Retail experts warned the key Christmas trading period hangs in the balance as figures showed high street sales growth slowed last month.
The British Retail Consortium (BRC) revealed like-for-like sales values increased by 0.7% year-on-year in November, but said underlying volumes were virtually flat once inflation was stripped out.
Like-for-like sales growth dropped slightly from 0.8% in October as consumers restricted their spending because of fears over their financial security and uncertainty over the economy.
The BRC described November as another difficult month for retailers.
The figures do not include the effects of the recent snowy weather which impacted sales by keeping shoppers at home and disrupting deliveries.
Sales in early December are expected to be hit by the adverse weather, but the BRC hopes retailers will make up the sales in the next three weeks.
BRC director general Stephen Robertson said: “With the final run-up under way, Christmas performance is delicately poised,” he said.

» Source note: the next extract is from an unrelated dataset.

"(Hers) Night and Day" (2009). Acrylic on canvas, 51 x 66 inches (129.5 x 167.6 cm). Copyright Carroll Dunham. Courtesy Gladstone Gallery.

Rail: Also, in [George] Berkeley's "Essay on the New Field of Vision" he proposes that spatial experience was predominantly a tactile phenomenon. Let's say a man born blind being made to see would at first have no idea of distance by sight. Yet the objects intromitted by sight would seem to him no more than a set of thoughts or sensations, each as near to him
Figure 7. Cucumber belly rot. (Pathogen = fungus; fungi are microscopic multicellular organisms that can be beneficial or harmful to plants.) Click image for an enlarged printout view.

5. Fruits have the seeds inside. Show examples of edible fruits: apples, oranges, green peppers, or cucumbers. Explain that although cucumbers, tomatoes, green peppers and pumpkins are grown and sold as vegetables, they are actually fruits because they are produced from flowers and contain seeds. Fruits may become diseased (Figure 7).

“Retailers will be hoping disruption eases so that sales lost early in the month are made up over the next couple of weeks and not lost entirely.”

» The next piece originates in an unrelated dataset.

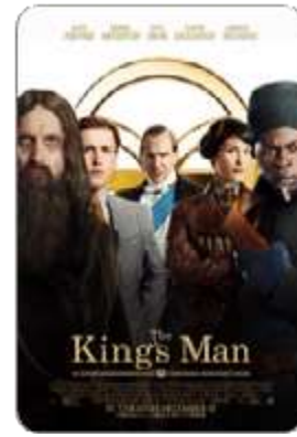
The King's Man 20th Century/Disney 12/22/21 -Wide New Red Band Trailer

Recruited to rescue a kidnapped scientist, globe-trotting spy James Bond finds himself hot on the trail of a mysterious villain, who's armed with a dangerous new technology. One of the best trailers of the year.

Clothing sales returned to growth after the first decline in almost a year in October as the coldest November since 1993 prompted consumers to buy winter outfits.

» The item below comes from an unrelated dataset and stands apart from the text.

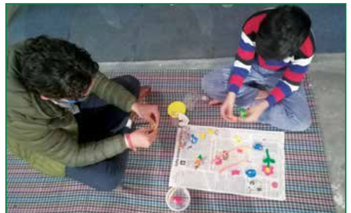
CHILDLINE Ambala, organises clay modeling workshop during the CHILDLINE Se Dosti week

Sales of footwear, particularly boots, were also boosted by the winter weather and fashion trends although general womenswear continued to struggle.
Sales of non-food items on the internet grew 10 times quicker than the rest of the retail sector, clocking up 17.6% growth following a slight fall in October.
Consumers continue to grow more comfortable with spending online, but internet sales still account for just 6% of retail sales, said the BRC.
The cold snap is expected to further boost internet sales in December as consumers opt to stay indoors and wait for deliveries rather than brave the elements on the high street, it added.
Food sales were also strong last month, mainly as a result of inflation, with consumers snapping up traditional Christmas treats such as luxury Christmas puddings.
The cold weather prompted consumers to buy hearty food such as soup, pies and puddings.
However, homeware sales slowed last month, with a larger year-on-year decline than in October.
Meanwhile, a survey by accountancy firm RSM Tenon revealed the number of retailers that fell into administration decreased in the third quarter of the year at a slower rate than other sectors of the economy.
The firm fears the VAT increase on January 4 could create a wave of retail administrations next year.